BEGIN GIVEN DATA

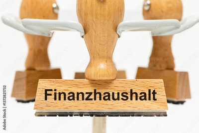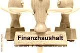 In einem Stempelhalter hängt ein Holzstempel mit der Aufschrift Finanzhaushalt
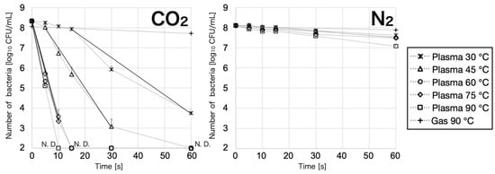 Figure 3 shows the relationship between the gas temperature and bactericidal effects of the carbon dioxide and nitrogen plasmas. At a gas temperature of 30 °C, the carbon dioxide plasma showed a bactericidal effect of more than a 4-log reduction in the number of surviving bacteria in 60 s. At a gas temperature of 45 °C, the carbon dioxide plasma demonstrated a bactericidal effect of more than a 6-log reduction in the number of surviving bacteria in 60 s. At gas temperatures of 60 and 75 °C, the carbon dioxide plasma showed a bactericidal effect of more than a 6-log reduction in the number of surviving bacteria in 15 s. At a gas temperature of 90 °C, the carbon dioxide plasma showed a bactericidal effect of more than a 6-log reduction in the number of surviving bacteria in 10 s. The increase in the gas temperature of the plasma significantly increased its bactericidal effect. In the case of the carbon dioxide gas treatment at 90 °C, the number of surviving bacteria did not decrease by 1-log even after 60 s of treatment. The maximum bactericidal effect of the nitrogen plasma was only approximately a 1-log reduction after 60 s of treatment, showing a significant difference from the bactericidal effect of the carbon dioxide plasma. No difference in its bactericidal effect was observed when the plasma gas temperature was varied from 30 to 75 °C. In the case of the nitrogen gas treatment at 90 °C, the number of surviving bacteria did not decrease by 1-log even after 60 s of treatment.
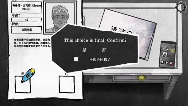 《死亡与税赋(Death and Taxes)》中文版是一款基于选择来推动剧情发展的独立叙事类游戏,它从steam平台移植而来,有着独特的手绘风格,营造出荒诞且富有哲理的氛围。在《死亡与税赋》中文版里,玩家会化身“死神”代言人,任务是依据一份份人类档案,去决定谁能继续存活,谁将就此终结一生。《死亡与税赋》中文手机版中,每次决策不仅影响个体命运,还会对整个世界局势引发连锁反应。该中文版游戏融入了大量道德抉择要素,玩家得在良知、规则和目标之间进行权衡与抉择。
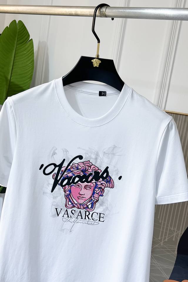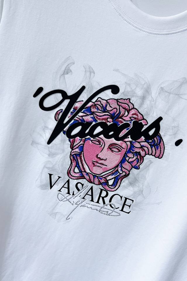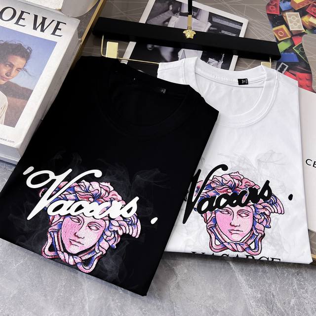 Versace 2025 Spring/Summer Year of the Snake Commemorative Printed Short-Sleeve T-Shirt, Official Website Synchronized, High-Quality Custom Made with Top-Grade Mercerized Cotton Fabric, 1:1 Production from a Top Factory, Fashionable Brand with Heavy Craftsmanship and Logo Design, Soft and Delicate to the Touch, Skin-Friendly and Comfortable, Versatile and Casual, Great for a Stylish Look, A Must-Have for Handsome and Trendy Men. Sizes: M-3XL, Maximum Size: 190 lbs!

END GIVEN DATA
BEGIN GIVEN DATA

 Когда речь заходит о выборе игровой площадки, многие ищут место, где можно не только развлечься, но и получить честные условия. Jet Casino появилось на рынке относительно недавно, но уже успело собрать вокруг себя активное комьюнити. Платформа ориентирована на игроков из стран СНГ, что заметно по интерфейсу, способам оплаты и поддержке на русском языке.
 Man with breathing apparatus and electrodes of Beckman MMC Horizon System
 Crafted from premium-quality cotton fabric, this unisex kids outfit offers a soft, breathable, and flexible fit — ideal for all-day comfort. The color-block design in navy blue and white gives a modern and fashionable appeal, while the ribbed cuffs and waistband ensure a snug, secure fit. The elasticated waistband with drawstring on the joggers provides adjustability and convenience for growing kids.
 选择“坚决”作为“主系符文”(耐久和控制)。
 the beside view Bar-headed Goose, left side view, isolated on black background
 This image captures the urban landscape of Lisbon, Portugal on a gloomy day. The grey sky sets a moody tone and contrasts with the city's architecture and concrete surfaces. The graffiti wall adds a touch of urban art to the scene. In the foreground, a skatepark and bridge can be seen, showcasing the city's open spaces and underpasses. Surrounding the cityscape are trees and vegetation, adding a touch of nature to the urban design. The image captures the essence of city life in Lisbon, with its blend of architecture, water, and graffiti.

END GIVEN DATA
BEGIN GIVEN DATA

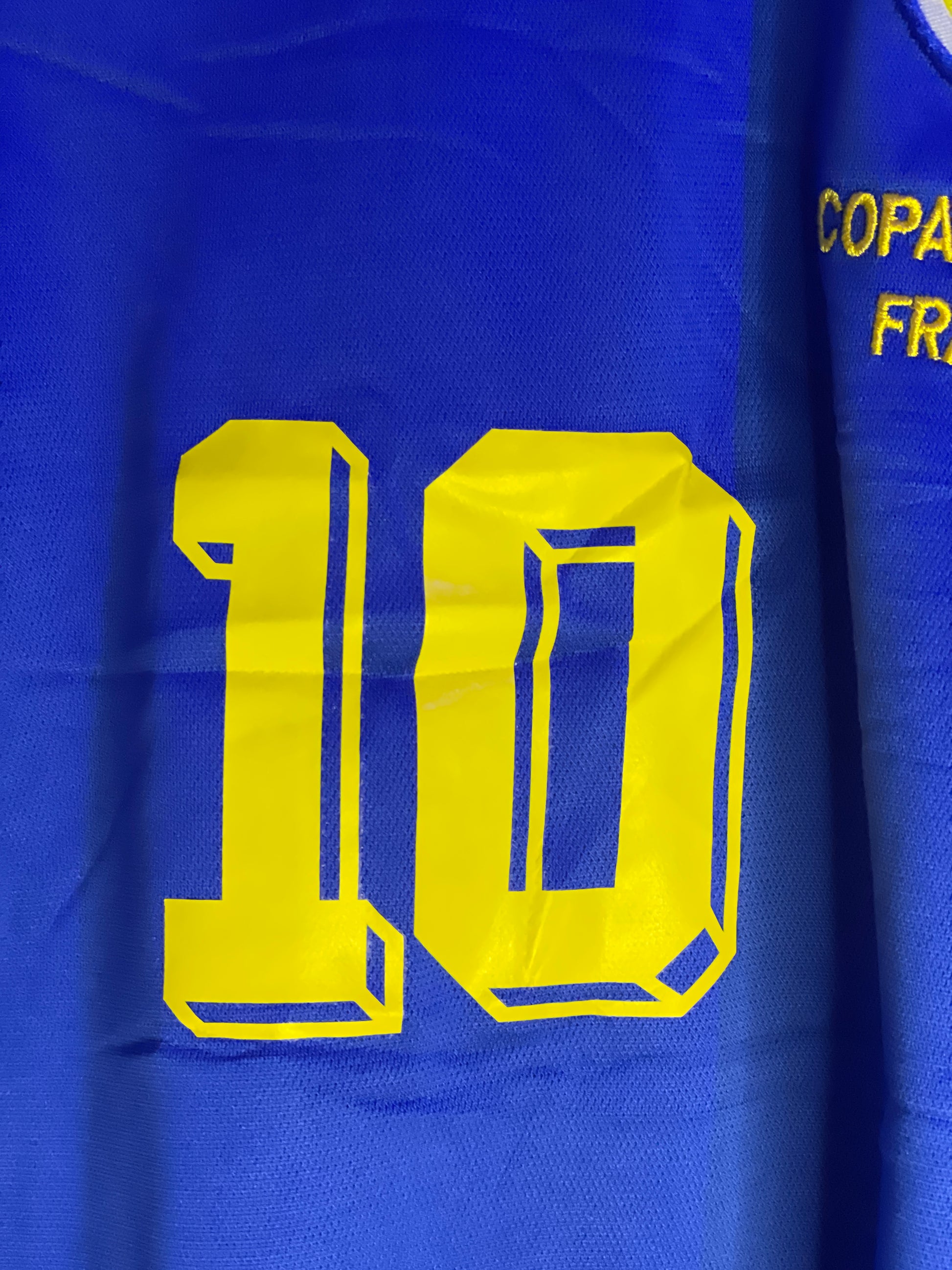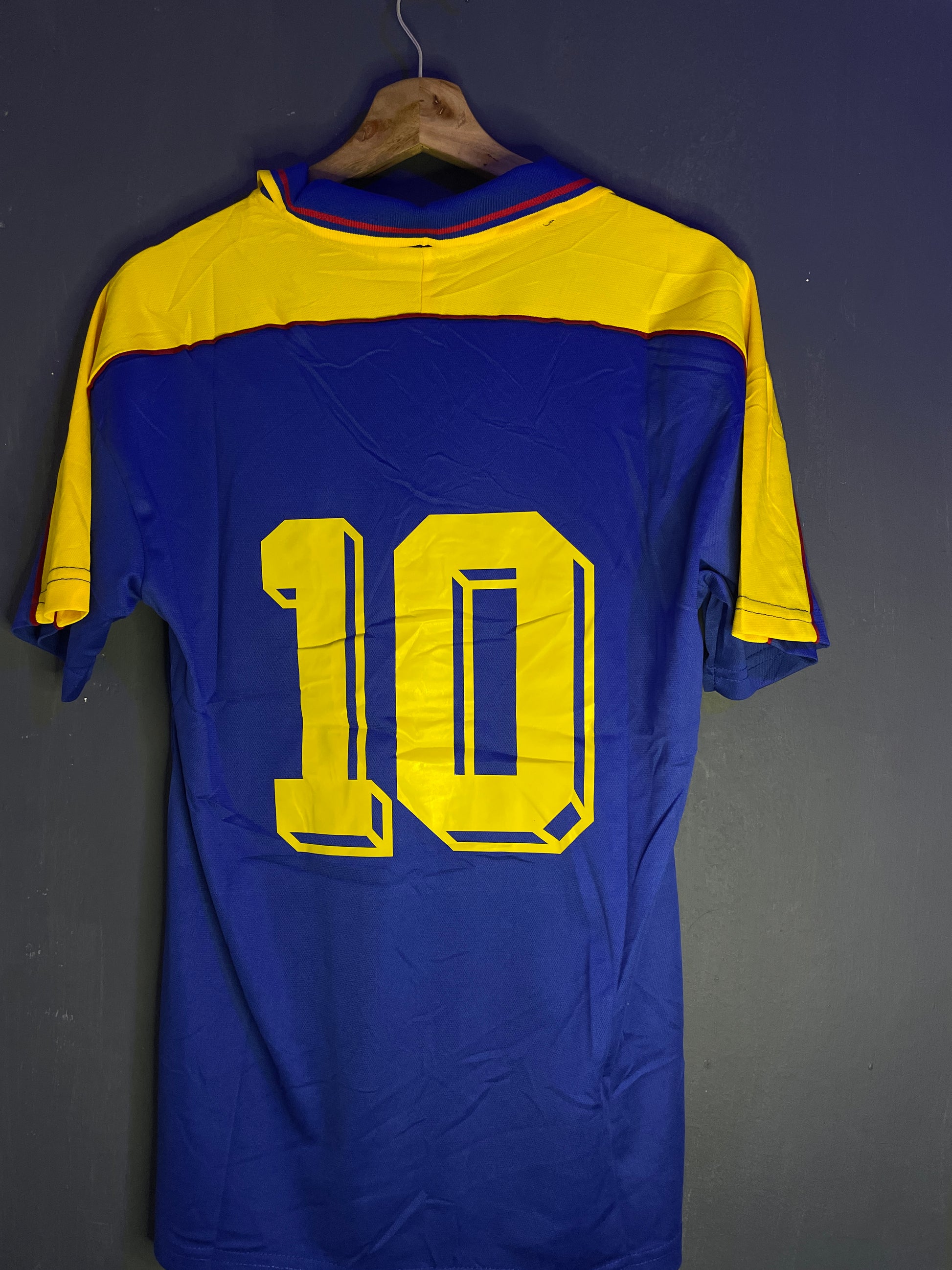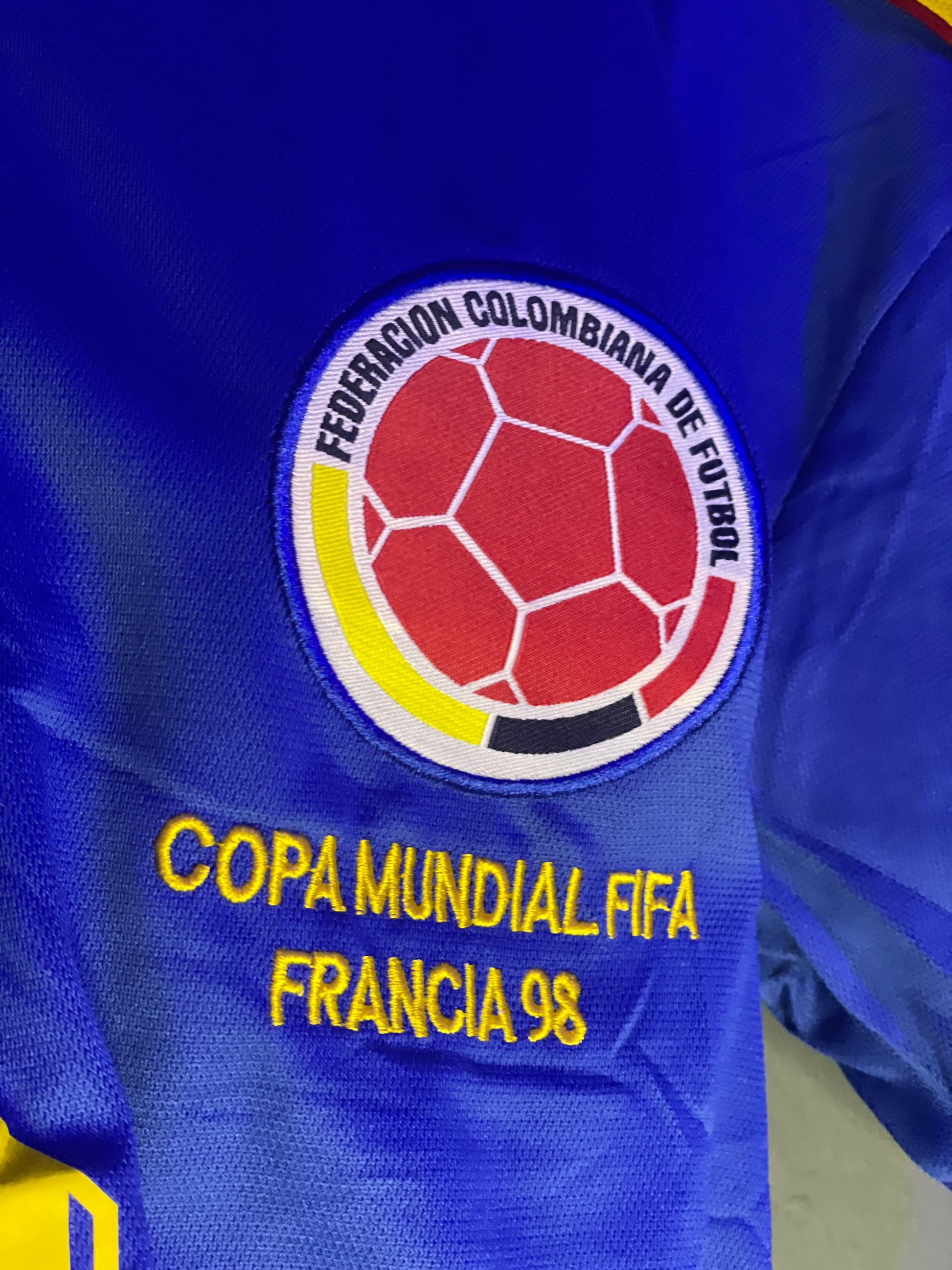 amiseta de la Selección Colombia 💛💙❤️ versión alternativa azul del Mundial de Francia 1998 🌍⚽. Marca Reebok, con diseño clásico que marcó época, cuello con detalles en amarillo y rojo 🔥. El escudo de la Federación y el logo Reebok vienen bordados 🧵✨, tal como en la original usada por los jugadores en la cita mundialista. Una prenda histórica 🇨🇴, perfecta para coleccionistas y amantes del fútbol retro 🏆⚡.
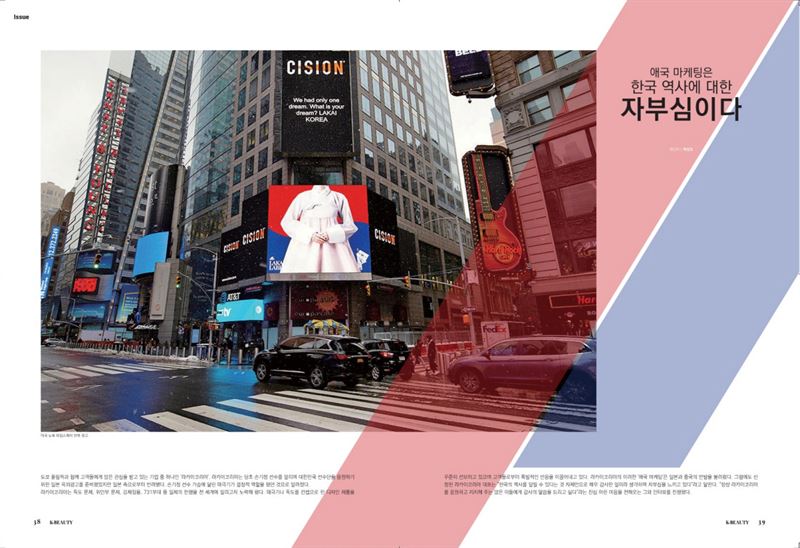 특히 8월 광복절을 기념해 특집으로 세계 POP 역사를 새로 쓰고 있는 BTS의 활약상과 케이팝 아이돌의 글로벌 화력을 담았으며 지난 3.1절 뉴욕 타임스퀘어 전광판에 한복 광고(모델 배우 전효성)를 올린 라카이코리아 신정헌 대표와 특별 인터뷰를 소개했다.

END GIVEN DATA

Once you reach the line with "Когда речь заходит" in the data above, copy it and every line after it exactly, up to and including the line with "the beside view".

 Когда речь заходит о выборе игровой площадки, многие ищут место, где можно не только развлечься, но и получить честные условия. Jet Casino появилось на рынке относительно недавно, но уже успело собрать вокруг себя активное комьюнити. Платформа ориентирована на игроков из стран СНГ, что заметно по интерфейсу, способам оплаты и поддержке на русском языке.
 Man with breathing apparatus and electrodes of Beckman MMC Horizon System
 Crafted from premium-quality cotton fabric, this unisex kids outfit offers a soft, breathable, and flexible fit — ideal for all-day comfort. The color-block design in navy blue and white gives a modern and fashionable appeal, while the ribbed cuffs and waistband ensure a snug, secure fit. The elasticated waistband with drawstring on the joggers provides adjustability and convenience for growing kids.
 选择“坚决”作为“主系符文”(耐久和控制)。
 the beside view Bar-headed Goose, left side view, isolated on black background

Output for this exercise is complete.